DIP16: Transparently substitute module with package

Jonathan M Davis jmdavisProg at gmx.com
Thu Apr 5 16:14:53 PDT 2012


On Thursday, April 05, 2012 16:43:24 Andrei Alexandrescu wrote:
> On 4/5/12 4:26 PM, Steven Schveighoffer wrote:
> > On Thu, 05 Apr 2012 17:00:56 -0400, Jonathan M Davis
> > 
> > <jmdavisProg at gmx.com> wrote:
> >> On Thursday, April 05, 2012 15:30:17 Steven Schveighoffer wrote:
> >>> I don't see how. Just move the code into another module and publicly
> >>> import that module from std/algorithm.d. Problem pretty much solved.
> >> 
> >> The issue is code organization. If you want to split up std.algorithm (or
> >> std.datetime or whatever) into multiple modules, you have to create a new
> >> package with a completely different name with no connection to the
> >> original
> >> save for the fact that the original publicly imports it.
> > 
> > My view is that people will not import the smaller modules, they will
> > only ever import std.algorithm.
> 
> I think we should be looking for a solution that not only allows
> replacing module -> package transparently, but also allows people to
> import the newly introduced fine-grained modules.

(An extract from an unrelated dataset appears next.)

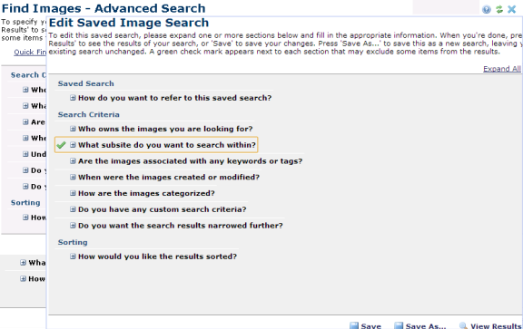 You are here: Contributors Reference > CommonSpot Workspace > My CommonSpot > My Favorite Saved Searches > Create Saved Search > Edit Saved Image Search

Yeah. If all we want to do is continue to always import std.algorithm, then 
the DIP is more or less pointless. It's the splitting of the API among 
multiple packages while allowing the programmer to either call/import it like 
he has been or to call/import it from the new module explicitly that the DIP 
is trying to enable.

If we make it possible to split std.algorithm into multiple modules in place, 
then we avoid breaking code, keep the code organized in the same hierarchy - 
only more detailed - and allow the programmer to import on either a roughly or 
finely grained level, depending on which they prefer. And I really like how 
this could enable us to have package-specific documentation, whereas all 
documentation is currently module-specific and doesn't enable us to provide a 
page which gaves an overview of a package. That's not always necessary, but 
there are times when it would be quite nice (e.g. std.datetime).